__What the task requires__
Every line from the one with "Audi A8L mang" to the end of the listing below must be printed exactly, with no other text and no pictures.

__The data__
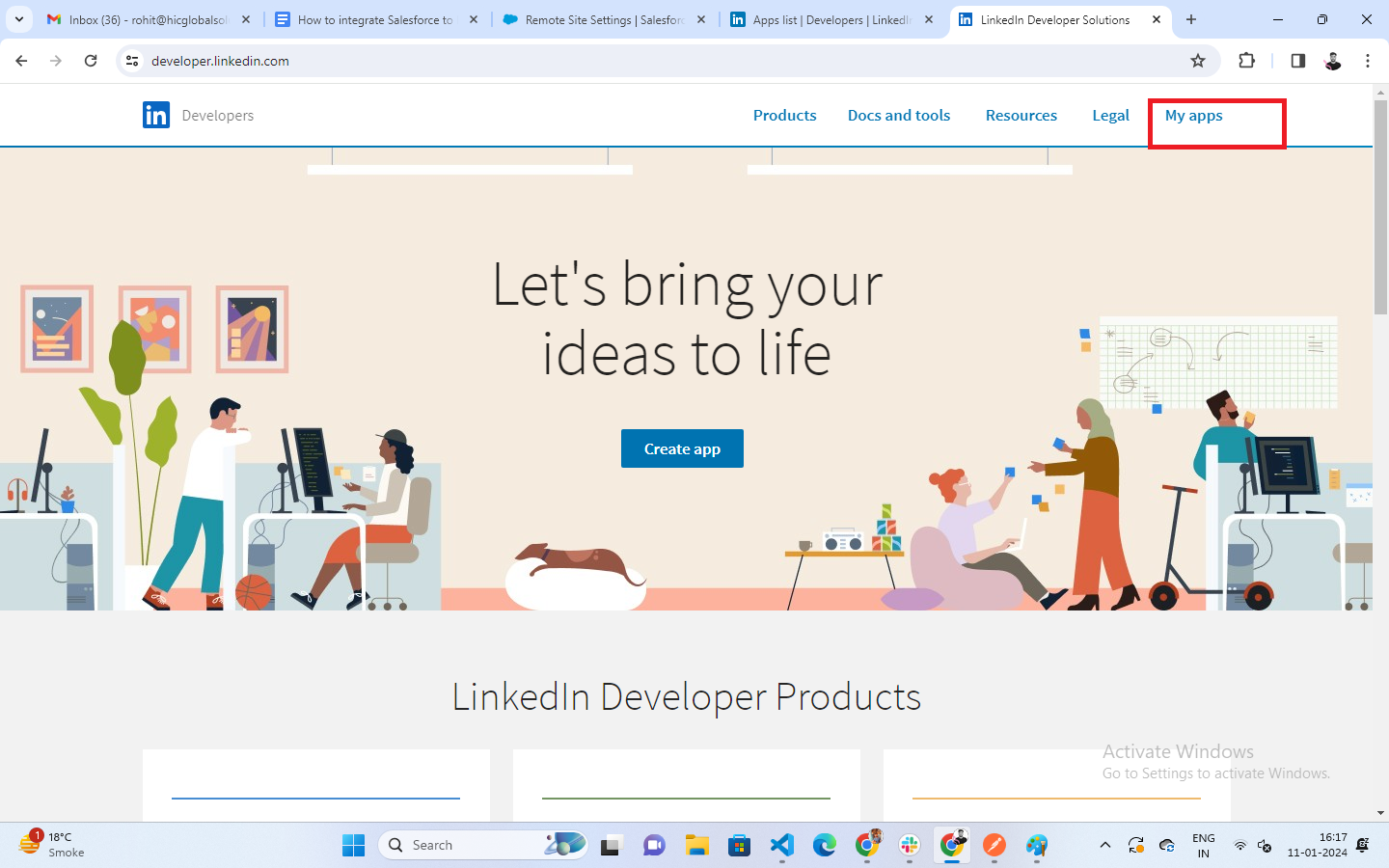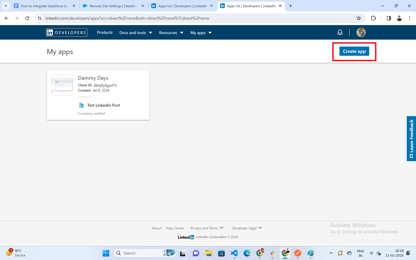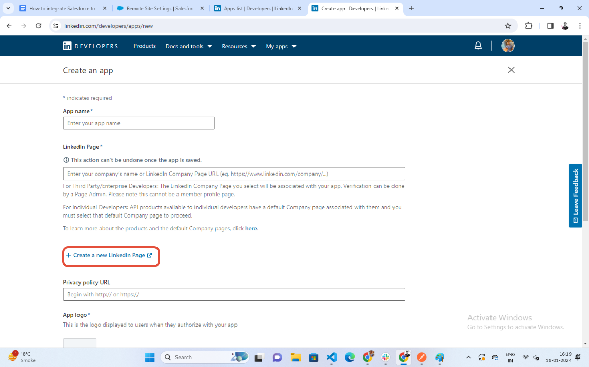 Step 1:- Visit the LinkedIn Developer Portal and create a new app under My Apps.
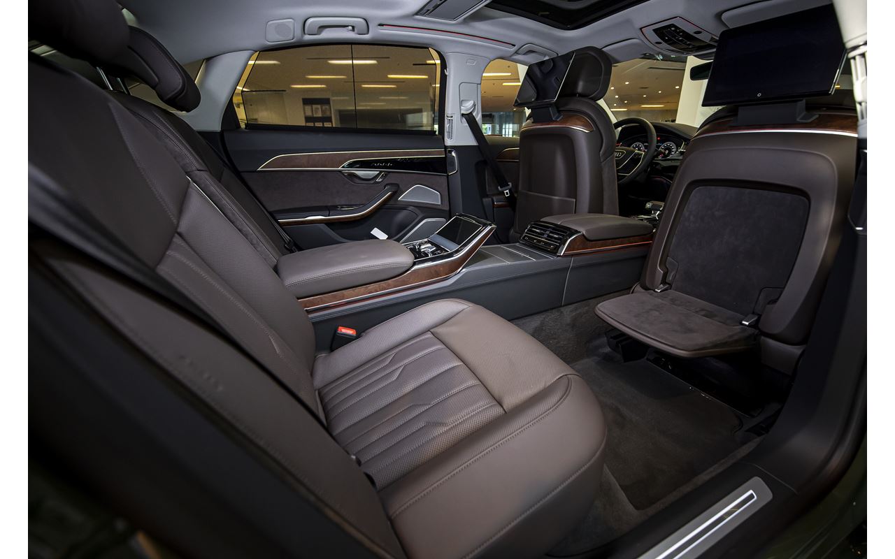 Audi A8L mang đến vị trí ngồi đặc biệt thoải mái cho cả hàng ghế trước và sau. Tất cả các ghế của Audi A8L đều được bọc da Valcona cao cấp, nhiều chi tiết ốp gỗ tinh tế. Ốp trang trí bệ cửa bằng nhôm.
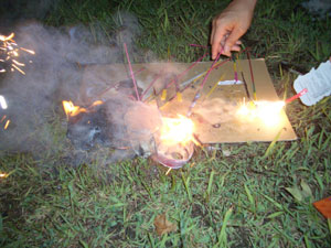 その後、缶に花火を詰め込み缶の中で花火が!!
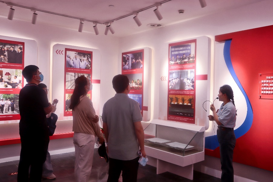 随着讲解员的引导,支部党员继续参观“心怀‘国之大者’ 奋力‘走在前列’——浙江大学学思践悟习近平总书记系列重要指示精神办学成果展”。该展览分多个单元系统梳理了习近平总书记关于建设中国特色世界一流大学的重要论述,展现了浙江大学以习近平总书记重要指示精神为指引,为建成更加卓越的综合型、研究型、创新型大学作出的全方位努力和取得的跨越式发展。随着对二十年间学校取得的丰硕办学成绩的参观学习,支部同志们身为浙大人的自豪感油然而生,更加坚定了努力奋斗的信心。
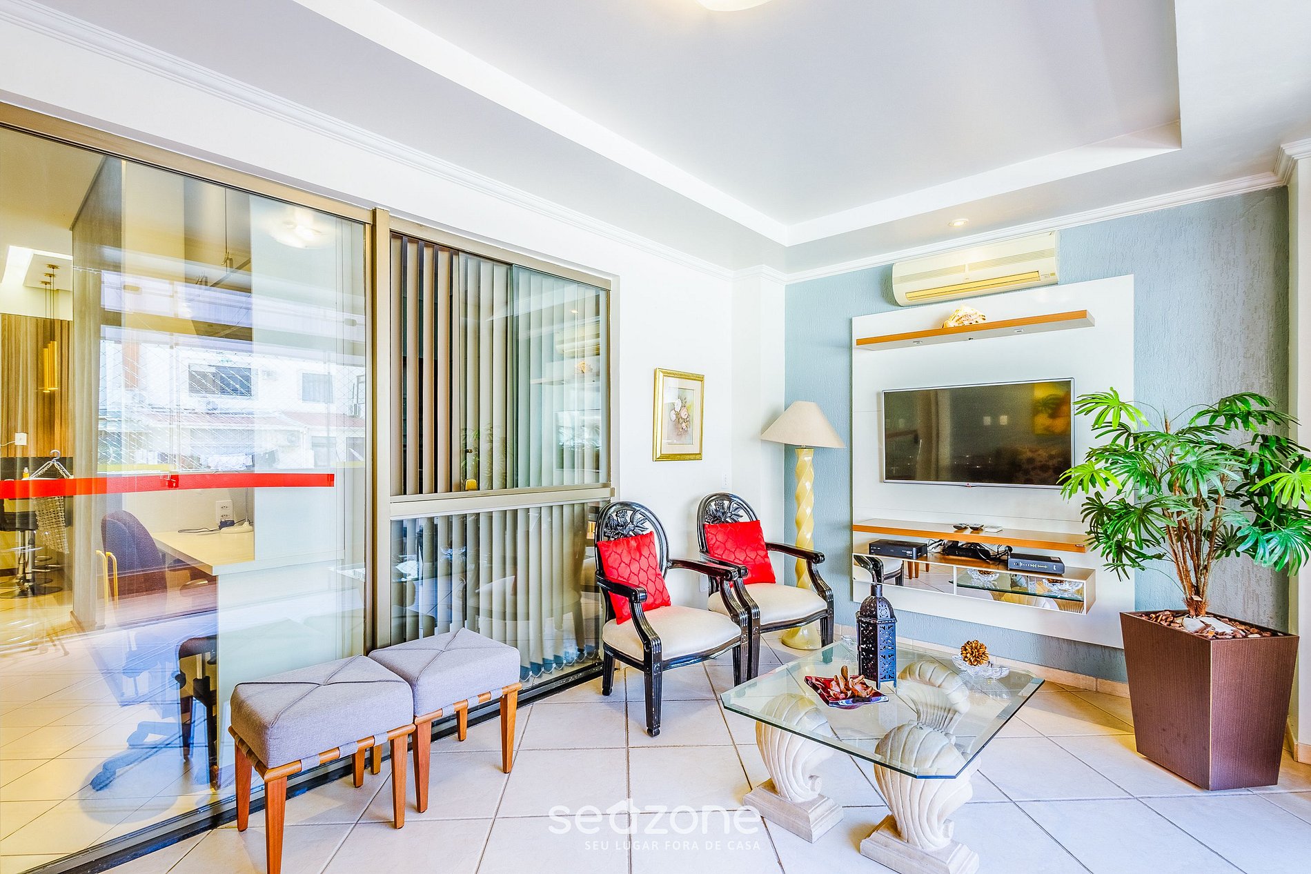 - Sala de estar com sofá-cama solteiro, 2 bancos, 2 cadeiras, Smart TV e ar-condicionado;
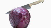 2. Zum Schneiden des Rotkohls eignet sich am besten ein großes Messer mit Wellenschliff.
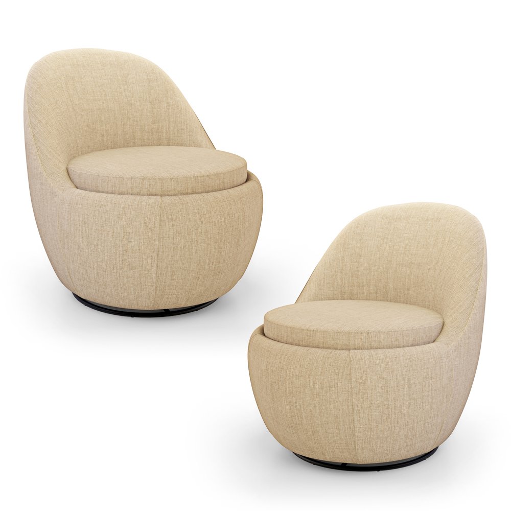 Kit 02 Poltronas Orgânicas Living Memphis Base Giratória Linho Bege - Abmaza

__Output of the task__
 Audi A8L mang đến vị trí ngồi đặc biệt thoải mái cho cả hàng ghế trước và sau. Tất cả các ghế của Audi A8L đều được bọc da Valcona cao cấp, nhiều chi tiết ốp gỗ tinh tế. Ốp trang trí bệ cửa bằng nhôm.
 その後、缶に花火を詰め込み缶の中で花火が!!
 随着讲解员的引导,支部党员继续参观“心怀‘国之大者’ 奋力‘走在前列’——浙江大学学思践悟习近平总书记系列重要指示精神办学成果展”。该展览分多个单元系统梳理了习近平总书记关于建设中国特色世界一流大学的重要论述,展现了浙江大学以习近平总书记重要指示精神为指引,为建成更加卓越的综合型、研究型、创新型大学作出的全方位努力和取得的跨越式发展。随着对二十年间学校取得的丰硕办学成绩的参观学习,支部同志们身为浙大人的自豪感油然而生,更加坚定了努力奋斗的信心。
 - Sala de estar com sofá-cama solteiro, 2 bancos, 2 cadeiras, Smart TV e ar-condicionado;
 2. Zum Schneiden des Rotkohls eignet sich am besten ein großes Messer mit Wellenschliff.
 Kit 02 Poltronas Orgânicas Living Memphis Base Giratória Linho Bege - Abmaza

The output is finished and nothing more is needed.